SOURCE RECORDS START

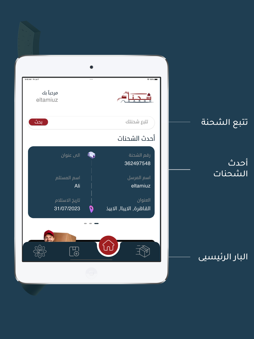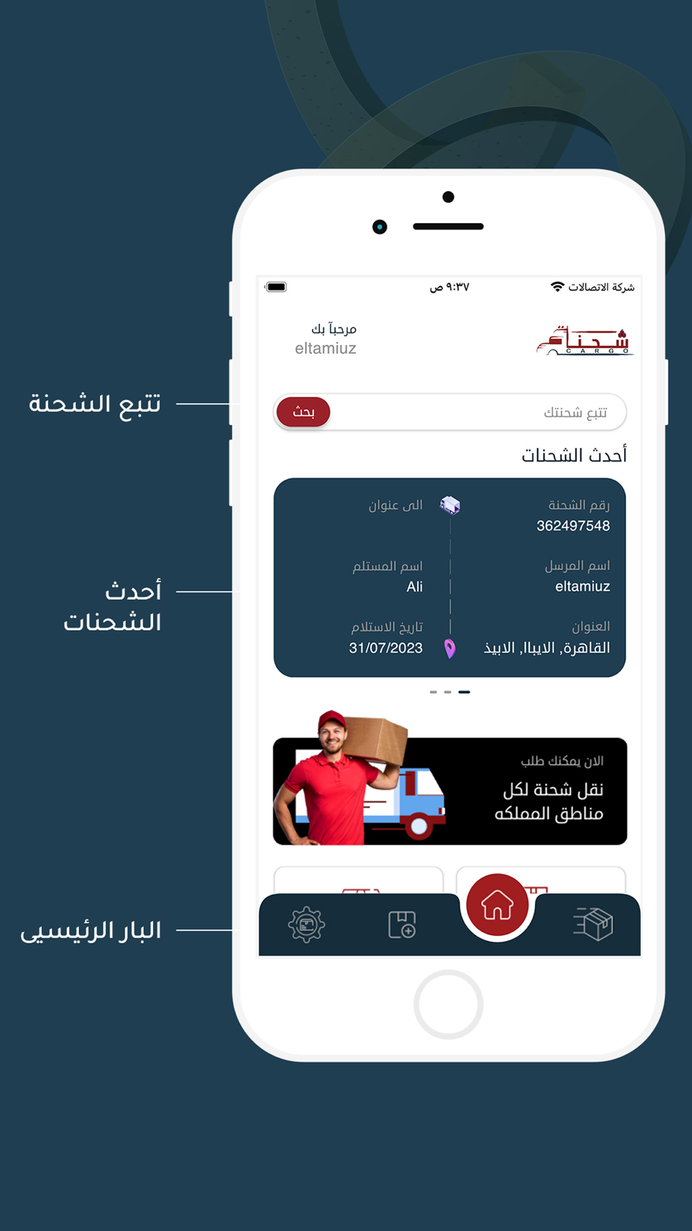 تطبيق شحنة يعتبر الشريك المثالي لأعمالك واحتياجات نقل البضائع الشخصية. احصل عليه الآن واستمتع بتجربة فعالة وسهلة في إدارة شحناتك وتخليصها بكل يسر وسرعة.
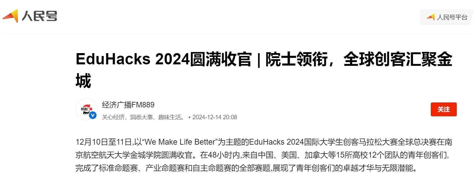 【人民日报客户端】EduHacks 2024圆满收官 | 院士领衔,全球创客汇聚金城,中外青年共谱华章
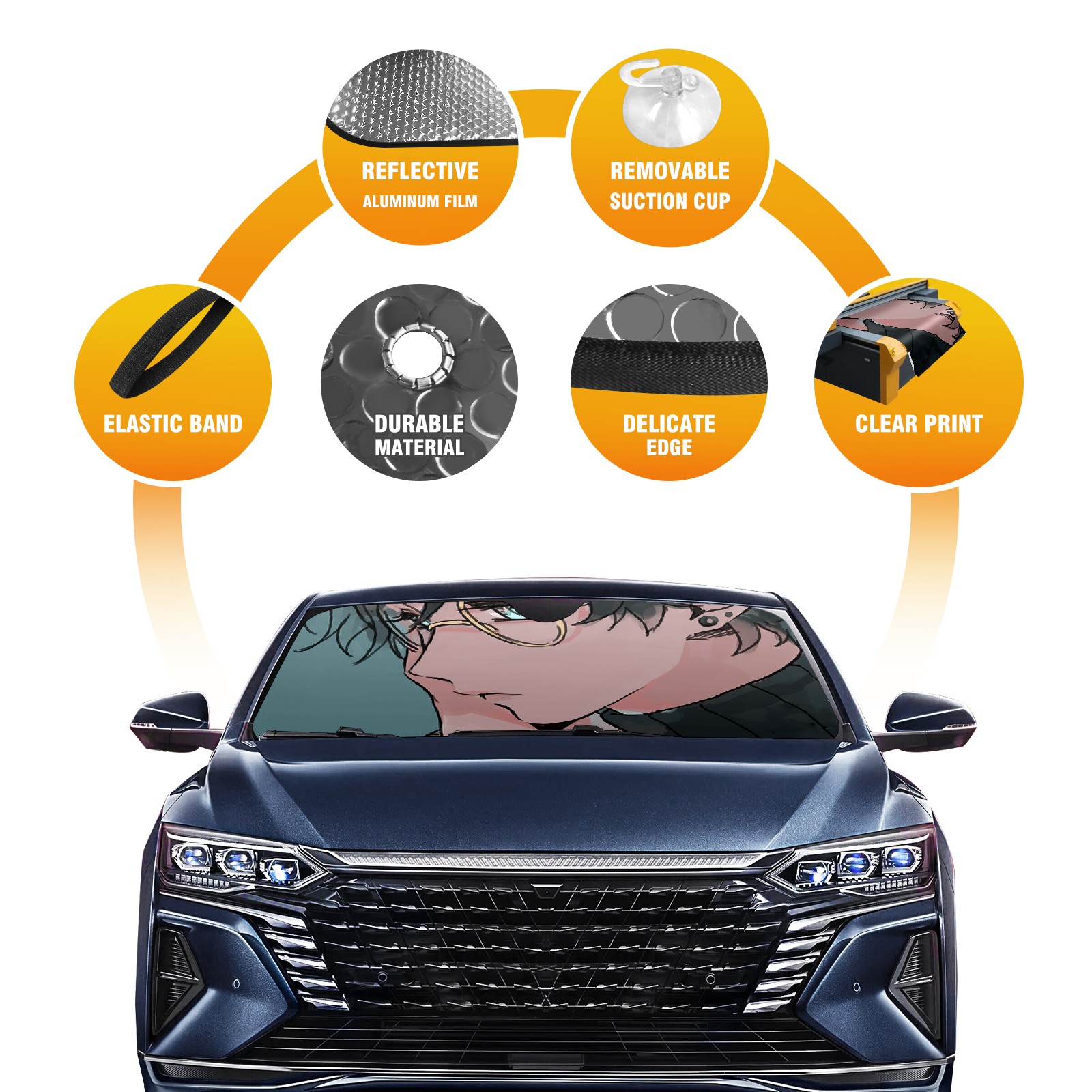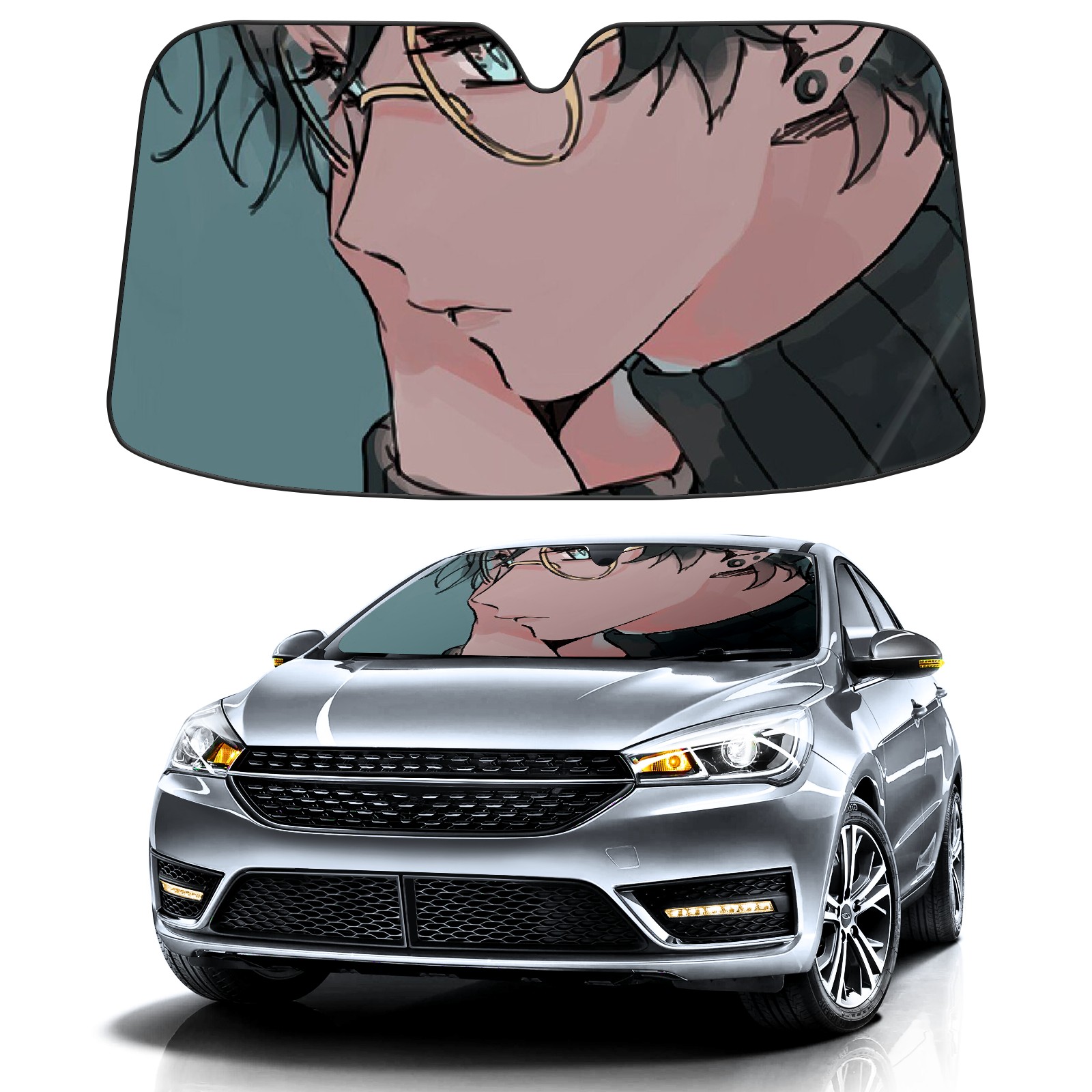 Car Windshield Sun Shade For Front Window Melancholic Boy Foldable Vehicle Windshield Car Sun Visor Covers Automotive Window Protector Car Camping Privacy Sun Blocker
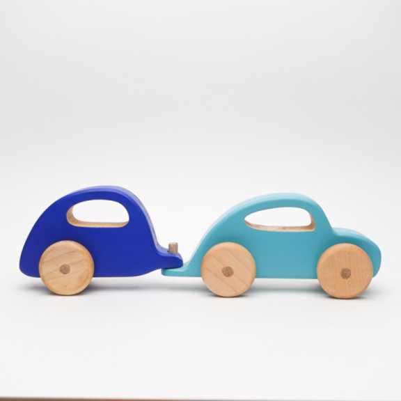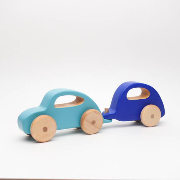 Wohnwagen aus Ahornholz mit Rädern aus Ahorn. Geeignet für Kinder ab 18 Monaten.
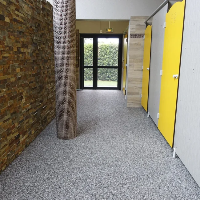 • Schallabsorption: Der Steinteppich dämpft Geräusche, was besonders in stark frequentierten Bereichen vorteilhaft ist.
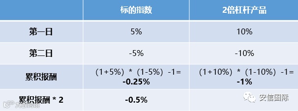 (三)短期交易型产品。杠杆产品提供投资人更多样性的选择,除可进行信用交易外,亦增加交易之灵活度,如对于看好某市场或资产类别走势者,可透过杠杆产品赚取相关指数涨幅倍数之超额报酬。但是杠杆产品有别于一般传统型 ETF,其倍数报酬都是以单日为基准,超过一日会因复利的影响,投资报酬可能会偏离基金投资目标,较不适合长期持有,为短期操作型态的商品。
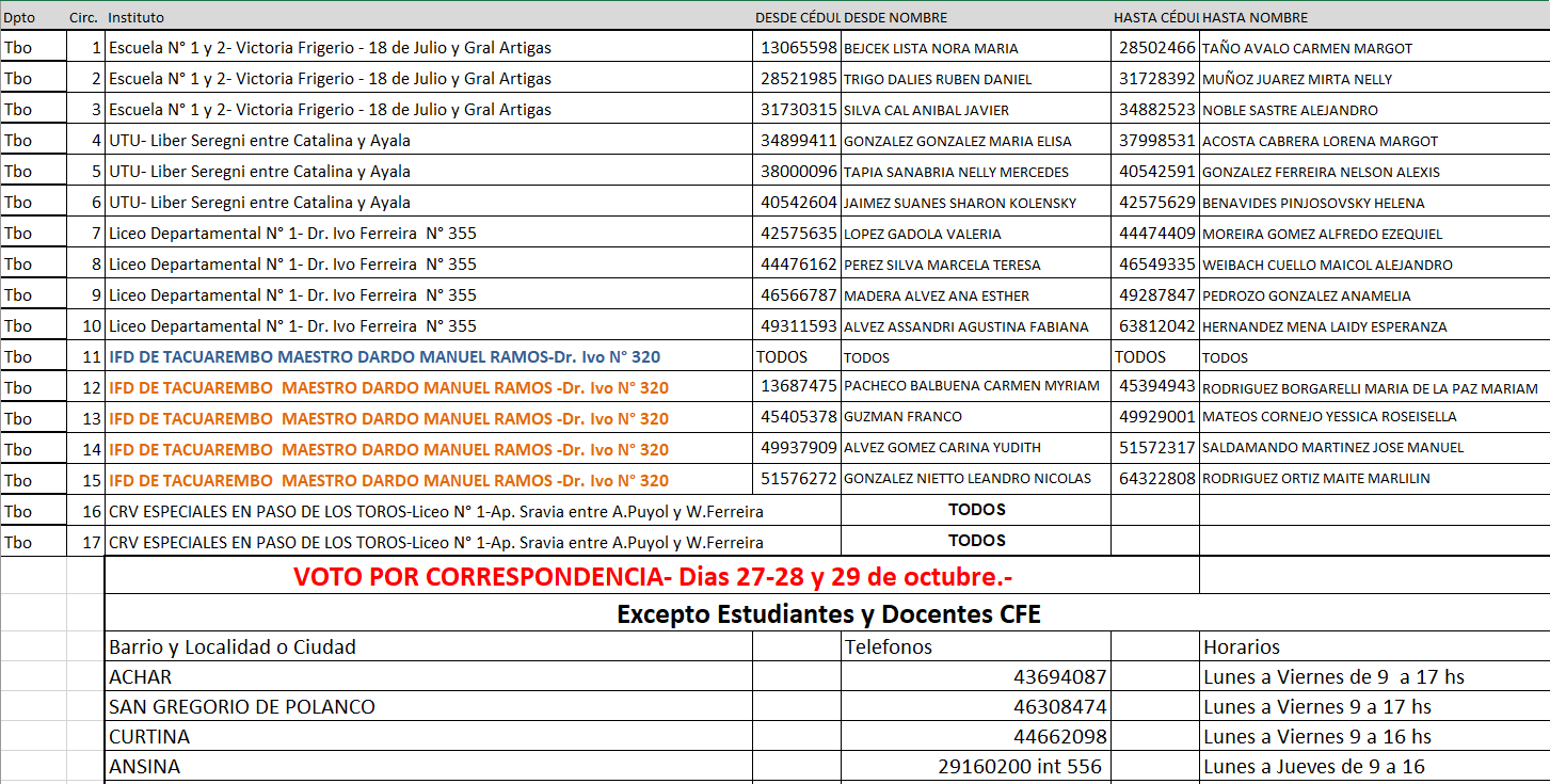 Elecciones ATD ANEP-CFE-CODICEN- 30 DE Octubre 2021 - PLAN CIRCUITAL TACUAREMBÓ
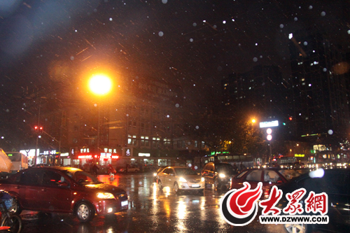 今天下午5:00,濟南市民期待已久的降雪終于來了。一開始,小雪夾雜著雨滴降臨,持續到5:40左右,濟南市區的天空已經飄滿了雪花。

SOURCE RECORDS END

▶ [WORK TO BE COMPLETED]
Go through the listing above and retype each line exactly, apart from the pictures.

▶ [WRITTEN ANSWER]
 تطبيق شحنة يعتبر الشريك المثالي لأعمالك واحتياجات نقل البضائع الشخصية. احصل عليه الآن واستمتع بتجربة فعالة وسهلة في إدارة شحناتك وتخليصها بكل يسر وسرعة.
 【人民日报客户端】EduHacks 2024圆满收官 | 院士领衔,全球创客汇聚金城,中外青年共谱华章
 Car Windshield Sun Shade For Front Window Melancholic Boy Foldable Vehicle Windshield Car Sun Visor Covers Automotive Window Protector Car Camping Privacy Sun Blocker
 Wohnwagen aus Ahornholz mit Rädern aus Ahorn. Geeignet für Kinder ab 18 Monaten.
 • Schallabsorption: Der Steinteppich dämpft Geräusche, was besonders in stark frequentierten Bereichen vorteilhaft ist.
 (三)短期交易型产品。杠杆产品提供投资人更多样性的选择,除可进行信用交易外,亦增加交易之灵活度,如对于看好某市场或资产类别走势者,可透过杠杆产品赚取相关指数涨幅倍数之超额报酬。但是杠杆产品有别于一般传统型 ETF,其倍数报酬都是以单日为基准,超过一日会因复利的影响,投资报酬可能会偏离基金投资目标,较不适合长期持有,为短期操作型态的商品。
 Elecciones ATD ANEP-CFE-CODICEN- 30 DE Octubre 2021 - PLAN CIRCUITAL TACUAREMBÓ
 今天下午5:00,濟南市民期待已久的降雪終于來了。一開始,小雪夾雜著雨滴降臨,持續到5:40左右,濟南市區的天空已經飄滿了雪花。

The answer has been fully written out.